What you use completely depends on your possible inouts and how you would like to handle the various possibilities.

139

answered Sep 19 '22 12:09

Padraic Cunningham

A numpythonic approach:

>>> lst = [0, 1, 2, 3, 4, 5, 6, 7, 8, 9, 10, 11]
>>> sec = [2, 4, 5]
>>> np.split(lst, np.cumsum(sec))
[array([0, 1]), array([2, 3, 4, 5]), array([ 6,  7,  8,  9, 10]), array([11])]

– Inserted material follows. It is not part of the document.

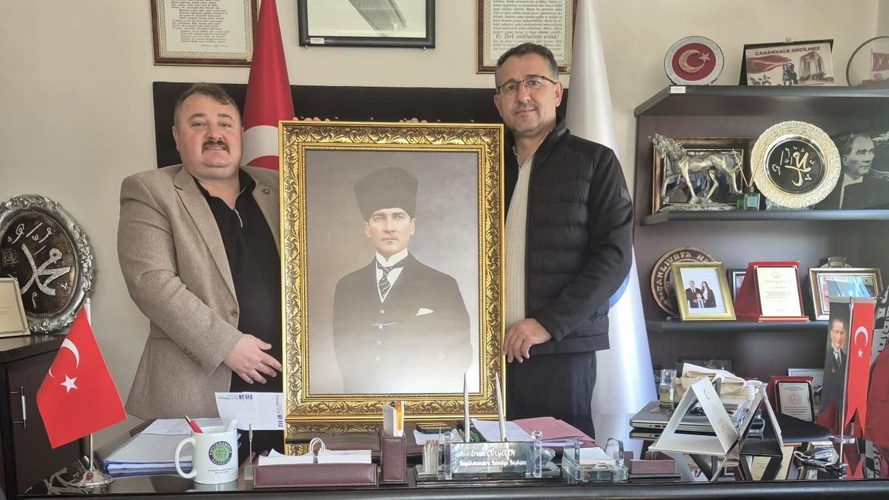 Çalışmalar üzerine görüşen ve fikir alışverişi yapan Meclis Üyesi Kahraman, nazik ev sahipliği için Başkan Çölgeçen’e teşekkür ederek Atatürk portresi hediye etti.

And here is a Python3.X approach using itertool.accumulate():

>>> lst = [0, 1, 2, 3, 4, 5, 6, 7, 8, 9, 10, 11]
>>> sec = [2,4,6]
>>> from itertools import accumulate
>>> sec = list(accumulate(sec_lst))
>>> sec = [0] + sec + [None] if sec[0] != 0 else sec + [None]
>>> 
>>> [lst[i:j] for i, j in zip(sec, sec[1:])]
[[0, 1], [2, 3, 4, 5], [6, 7, 8, 9, 10], [11]]

answered Sep 20 '22 12:09

Mazdak

Using list-comprehensions together with slicing and sum() function (all basic and built-in tools of python):

mylist = [1,2,3,4,5,6,7,8,9,10]
seclist = [2,4,6]

[mylist[sum(seclist[:i]):sum(seclist[:i+1])] for i in range(len(seclist))]

#output:
[[1, 2], [3, 4, 5, 6], [7, 8, 9, 10]]

If seclist is very long and you wish to be more efficient use numpy.cumsum() first:

import numpy as np
cumlist = np.hstack((0, np.cumsum(seclist)))
[mylist[cumlist[i]:cumlist[i+1]] for i in range(len(cumlist)-1)]

and get the same results

answered Sep 18 '22 12:09

Ohad Eytan

This solution keeps track of how many items you've written. It will crash if the sum of the numbers in the second_list is longer than mylist

total = 0
listChunks = []
for j in range(len(second_list)):
    chunk_mylist = mylist[total:total+second_list[j]]
    listChunks.append(chunk_mylist)
    total += second_list[j]

After running this, listChunks is a list containing sublists with the lengths found in second_list.